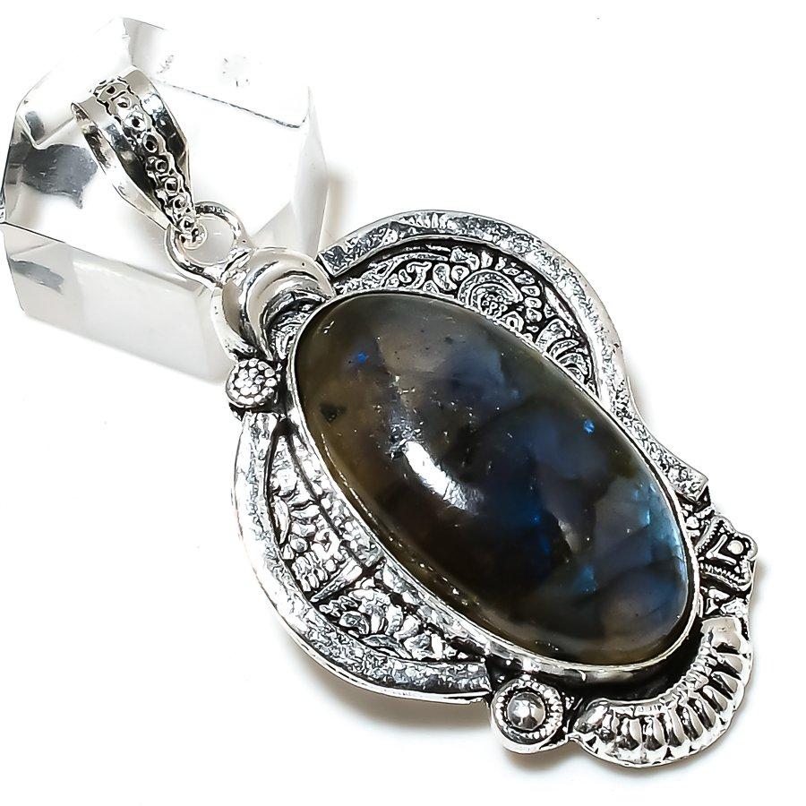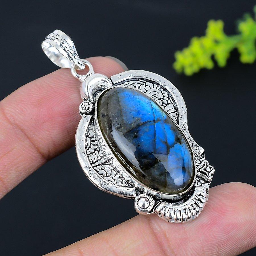 Labradorite Gemstone Handmade 925 Sterling Silver Jewelry Pendant 2.25" U4K03
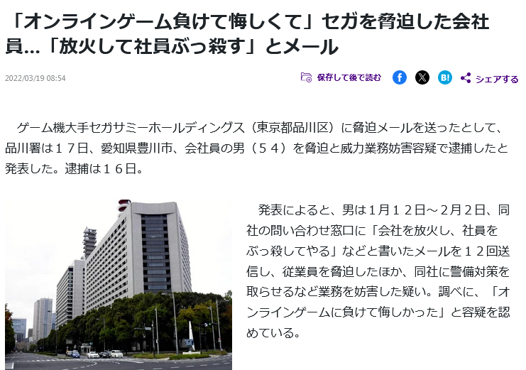 ゲーム機大手セガサミーホールディングス(東京都品川区)に脅迫メールを送ったとして、品川署は17日、愛知県豊川市、会社員の男(54)を脅迫と威力業務妨害容疑で逮捕したと発表した。逮捕は16日。削除された記事が6件あります.見る
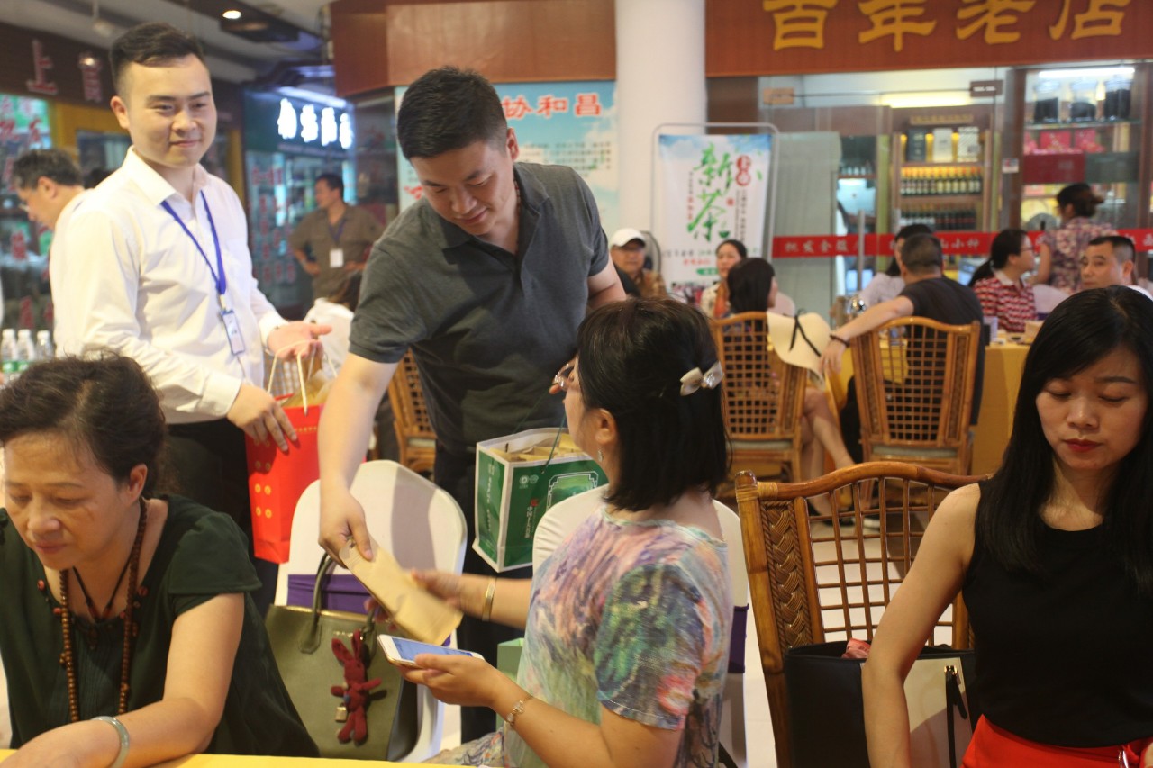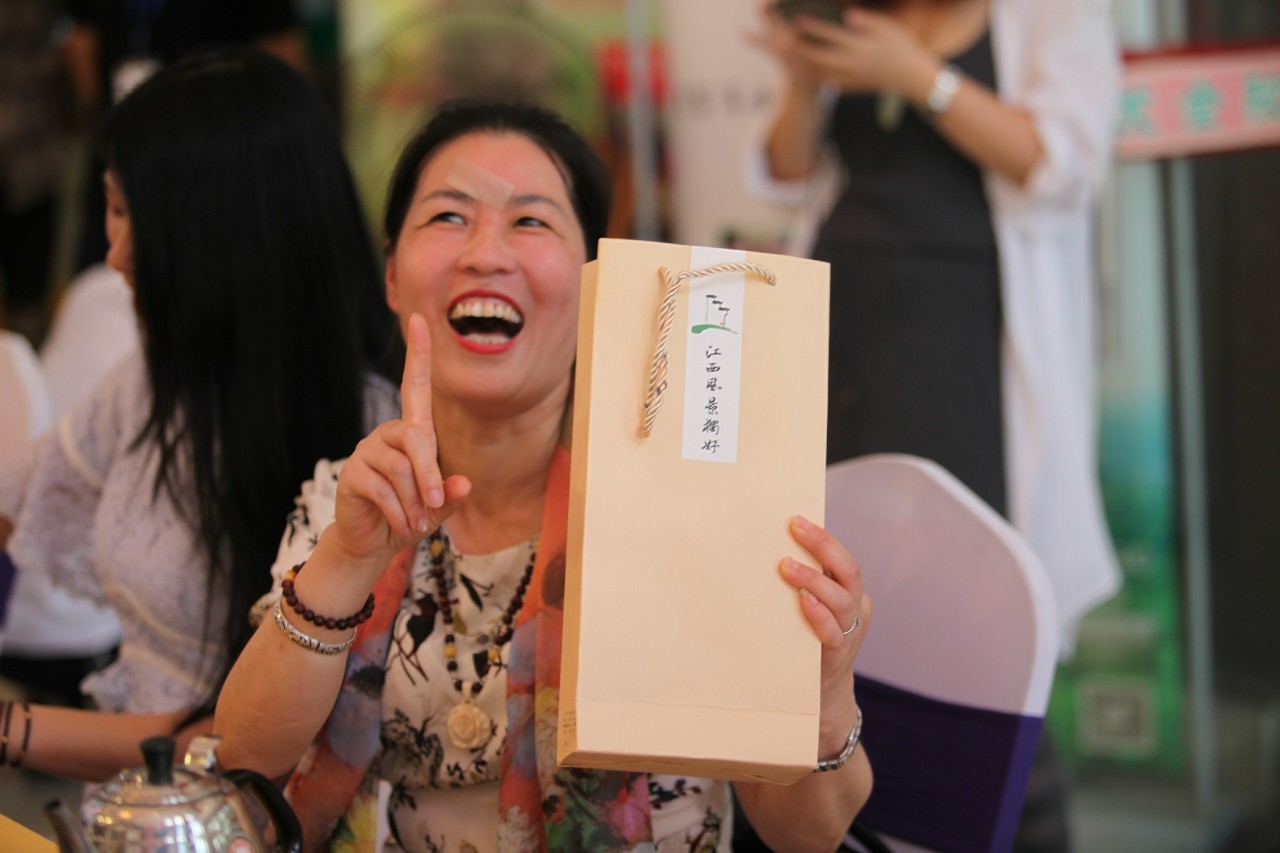 在专家评审团上台对茶样进行评审并打分的同时,我们现场也准备了与观众们的互动环节,微信抢红包赢茶礼,抢到红包并且手气最佳者将获得我们随手礼一份。除了激烈的抢红包游戏之外,我们还在现场进行0元竞拍多款江西名茶及精美茶杯,观众们兴致勃勃、踊跃参与,现场叫拍声此起彼伏,热闹非凡,气氛十分热烈。在活动最后,鹿鼎国际(南昌)茶叶交易市场总经理饶鸿石还为现场观众发放随手礼,让每位观众都乘兴而来、满载而归。

Problem details. Give all the lines above again, character for character, without pictures.

Response to the exercise.
 Labradorite Gemstone Handmade 925 Sterling Silver Jewelry Pendant 2.25" U4K03
 ゲーム機大手セガサミーホールディングス(東京都品川区)に脅迫メールを送ったとして、品川署は17日、愛知県豊川市、会社員の男(54)を脅迫と威力業務妨害容疑で逮捕したと発表した。逮捕は16日。削除された記事が6件あります.見る
 在专家评审团上台对茶样进行评审并打分的同时,我们现场也准备了与观众们的互动环节,微信抢红包赢茶礼,抢到红包并且手气最佳者将获得我们随手礼一份。除了激烈的抢红包游戏之外,我们还在现场进行0元竞拍多款江西名茶及精美茶杯,观众们兴致勃勃、踊跃参与,现场叫拍声此起彼伏,热闹非凡,气氛十分热烈。在活动最后,鹿鼎国际(南昌)茶叶交易市场总经理饶鸿石还为现场观众发放随手礼,让每位观众都乘兴而来、满载而归。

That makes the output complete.